Потом пришли намеки. Соседка тётя Люда, «заботливо»:

— Никитуш, а твоя жена, она у тебя молодая, цветет… И друг её, этот Саша… Уж больно часто я его вижу, когда тебя нет. Так, на всякий случай говорю…

Никита отмахивался:

— Да что вы, тётя Люда! Алиса не такая. Они друзья с института.

Но зерно сомнения, маленькое, чёрное, уже проросло где-то глубоко, под сердцем. Он стал внимательнее. Замечал слишком частые звонки, внезапно замолкающие разговоры, чуть дрожащие руки жены.

Утром все было как обычно.

— Пока, солнышко, – обнял он Алису, поцеловал в макушку. – Целый день совещаний.

Его лицо было спокойным, обыденным. Он вышел, спустился на лифте, вышел из подъезда. И вместо дороги на работу свернул за угол. Взял отгул. И встал в тени старой липы напротив своего же окна. Часы тянулись как смола. Сердце колотилось глухо, гулко. В голове крутились обрывки: «Не может быть. Неужели? Господи, пусть я ошибаюсь…»

Через четыре часа, точно в час Катиного дневного сна, к подъезду подкатила знакомая машина. Вышел Александр. Шевельнул замком – Алиса дала ему даже ключ. Никита видел, как он исчез в подъезде. Ещё полчаса ледяного ожидания. Потом он двинулся. Ключ в замке поворачивался слишком громко. В прихожей пахло чужим одеколоном. Тишина. И вдруг – приглушенный стон. Женский. Знакомый до боли, но с какой-то новой, дикой ноткой. Оттуда. Из их спальни.

Никита не помнил, как оказался в дверях. Картина врезалась в мозг кислотой: спина Александра, его жена под ним, её ноги обвиты вокруг. Глаза Алисы, широко распахнутые в ужасе, встретились с его взглядом. Время остановилось.

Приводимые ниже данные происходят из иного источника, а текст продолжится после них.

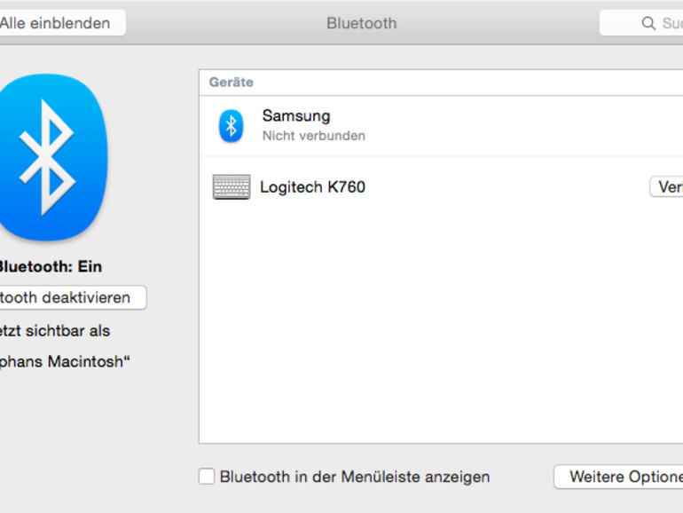 2. Je nach Gerät müssen Sie dort eine bestimmte Tastenkombination drücken oder einen Schalter etwas länger gedrückt halten. Nach einer Weile taucht dann das Gerät in der Liste auf. Dabei muss nicht immer gleich ein Gerätename zu lesen sein, achten Sie auf das Symbol vor der Bezeichnung. Der Mac sollte zumindest schon einmal korrekt erkannt haben, was Sie mit dem Gerät steuern wollen.
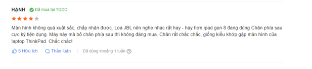 Là khách đã mua hàng và sử dụng sản phẩm, chị Hạnh bộc bạch rằng màn hình tuy không xuất sắc nhưng đổi lại chất lượng loa rất hay, thích hợp để nghe nhạc. Chị cũng so sánh thêm với các loại hình máy tính bảng khác như ipad gen 8 thì máy tính bảng Lenovo Yoga Tab tiện dụng hơn.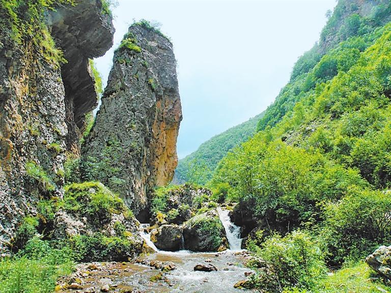 雙石門獨(dú)特的景觀,與它所屬的山脈是分不開的。在雙石門峽谷深處,群峰相連,最高峰是被譽(yù)為“撐天銀碑”的露骨山,主峰海拔3941米,是臨近數(shù)縣海拔最高的山峰,同時(shí)也是漳縣、渭源、卓尼三縣的交界處。

— Ты что, творишь? – хрип вырвался из горла Никиты. Он не думал. Тело двинулось само. Кулак со всего размаху врезался в повернувшееся к нему лицо Александра. Хруст. Кровь брызнула на бежевую простыню. Любовник, захлебываясь, скатился на пол, пытаясь прикрыться.

— Никита, стой! – крикнула Алиса, инстинктивно прикрываясь одеялом. Но Никита был уже над Александром. Ещё удар. Ещё.

— Одевайся и убирайся к чертовой матери, пока цел!

Александр, заливаясь кровью, с перекошенным от боли и страха лицом, шарахнулся к двери, на ходу хватая брюки и рубашку. Босиком. Туфли остались, не стал обувать. Дверь хлопнула.

Никита стоял, тяжело дыша, кровь с его костяшек капала на ковер. Он смотрел на Алису. Не плачущую, не молящую. Застывшую. Белую как мел.

— Почему? – голос его был тихим и страшным. – За что? Я тебе что, недодал? Дочка? Семья? Всё было.

— Я не знаю… – прошептала она. Это была правда. Страшная, нелепая, но правда. – Я не знаю, Никита…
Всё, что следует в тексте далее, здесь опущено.